– Mamy dosyć klasyczne przedstawienie, ale myślące tematami, które są zapisane u Webera w libretcie, ale przede wszystkim w muzyce, która jest nadzwyczajna. Oczywiście 200 lat później nie pamiętamy tekstu i czasu, w którym powstały, ale to, co Weber napisał, to coś, czego ludzie najnormalniej w świecie nie słyszeli – mówi Cezary Tomaszewski, reżyser.
Twórcą Wolnego Strzelca jest Carl Weber, który w wieku 18 lat był dyrektorem wrocławskiej opery. Premiera jest częścią obchodów 180-lecia Opery Wrocławskiej. Kierownictwo muzyczne nad Wolnym Strzelcem objął Łukasz Borowicz.
– Łukasz Borowicz – kierownictwo muzyczne.
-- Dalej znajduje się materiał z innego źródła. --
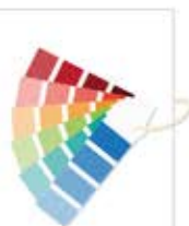
ورونا / Verona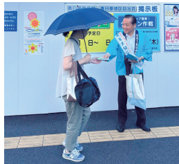
春日市・春日那珂川水道企業団 (西鉄春日原駅、JR春日駅)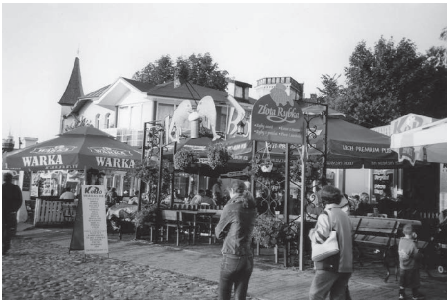
Fot. 12: Chaotyczne zagospodarowanie nabrzeża w Ustce.

Ogromna i wspaniała nasza współpraca z Łukaszem na przestrzeni lat zaowocowała pięknymi spektaklami w Krakowie, w Warszawie, w Hiszpanii – mówi Mariusz Kwiecień, dyrektor artystyczny Opery Wrocławskiej.
Wyjątkowa w Wolnym Strzelcy jest obecność narratora, który jest pewnego rodzaju pomostem łączącym muzykę dawnej epoki i wydarzenia na scenie ze współczesną widownią. Nieczęsto w operach spotyka się też kwestie mówione.
– Żeby czynnie i aktywnie myśleć, nie tylko patrzeć na bardzo piękny obraz, bardzo klasyczny, dlatego że scenografia też jest klasyczna, taka jaką – mam nadzieję – ludzie najbardziej lubią w operze – mówi Cezary Tomaszewski, reżyser.
To nie koniec niespodzianek. W pierwszej obsadzie rolę Agaty zagra Aleksandra Kurzak. Premiera Wolnego Strzelca odbędzie się 15 października.